Healthier Alternatives for the Recipe of Old-Fashioned Soft and Buttery Yeast Rolls
- Replace half the all-purpose flour with whole wheat flour for 70% more fiber
- Use olive oil instead of butter for heart-healthy fats (though the texture will be slightly different)
- Reduce sugar to 2 tablespoons and add 1 tablespoon of ground flaxseed for omega-3 benefits
- For lower sodium, reduce salt to 1/2 teaspoon and add fresh herbs like rosemary or thyme for flavor complexity
Serving Suggestions of Old-Fashioned Soft and Buttery Yeast Rolls
- Split and toast with a spread of herb-infused butter for an elevated appetizer
- Use as mini sandwich buns for holiday leftover sliders
- Serve alongside soups and stews—their soft texture is perfect for soaking up broths
- Create a bread basket with a variety of spreads (honey butter, herb butter, fruit preserves)
- For brunch, split and use as the base for eggs benedict instead of English muffins
Common Mistakes to Avoid
- Using liquid that’s too hot: Temperatures above 115°F will kill your yeast. Use a thermometer for precision.
- Adding too much flour: This makes rolls dense rather than fluffy. The dough should feel tacky but not stick to your fingers.
- Rushing the rise: According to baking science, 65% of a roll’s texture comes from proper rising. Be patient!
- Opening the oven door too early: This can cause rolls to collapse. Wait until at least 15 minutes into baking.
- Skipping the butter brush: This final step adds significant flavor and prevents the crust from hardening too much.
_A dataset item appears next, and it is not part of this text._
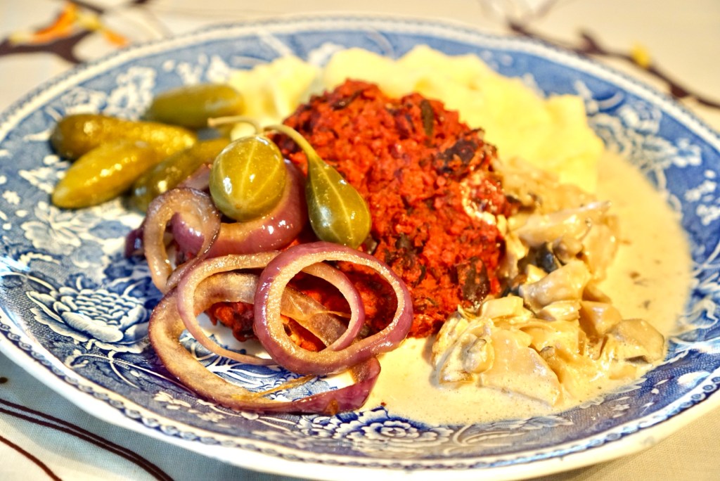 Originally, Biff à la Lindström is a Swedish dish made from onion, potato, red beet, capers, and ground beef, which are made into patties and fried. Although the name Lindström sounds Swedish, the inclusion of beets and capers makes it likely that the dish originates in Russia.

Storing Tips for the Old-Fashioned Soft and Buttery Yeast Rolls Recipe
- Store completely cooled rolls in an airtight container at room temperature for up to 3 days
- Freeze baked rolls for up to 3 months; thaw at room temperature and warm in a 300°F oven for 10 minutes
- For make-ahead convenience, freeze the shaped dough after the first rise. Thaw overnight in the refrigerator, then allow to rise at room temperature before baking
- Revive slightly stale rolls by sprinkling with a few drops of water and heating for 30 seconds in the microwave
Conclusion
These Old-Fashioned Soft and Buttery Yeast Rolls aren’t just a recipe—they’re a tradition worth passing down. With each perfectly executed step, you’re not only creating something delicious but also connecting with generations of bakers who found joy in the simple pleasure of sharing homemade bread.
Remember that mastering yeast rolls is a journey. Your first batch might not be perfect, but by understanding the process and avoiding common pitfalls, you’ll soon be creating rolls that would make any grandmother proud. Why not start this weekend? Your family will thank you, and you might just discover a new signature dish to bring to gatherings for years to come.
FAQs
Can I make the dough in a stand mixer?
Absolutely! Use the dough hook attachment and mix on low speed until the dough comes together, then increase to medium-low for 5-6 minutes until smooth and elastic.
Why didn’t my rolls rise properly?
Check your yeast’s expiration date, ensure your liquid wasn’t too hot or too cold, and make sure your rising environment is warm enough (75-85°F is ideal).
Can I prepare these rolls a day ahead?
Yes! Complete through shaping, then cover and refrigerate overnight. The next day, allow them to come to room temperature and complete their second rise (about 1-2 hours) before baking.
My rolls turned out dense. What went wrong?
The most common culprits are too much flour, insufficient kneading, or not enough rising time. The dough should be soft and slightly tacky during kneading.
How can I tell when the rolls are perfectly done?
They should be golden brown on top, and when tested with an instant-read thermometer, the center should register 190°F. Alternatively, they should sound hollow when tapped on the bottom.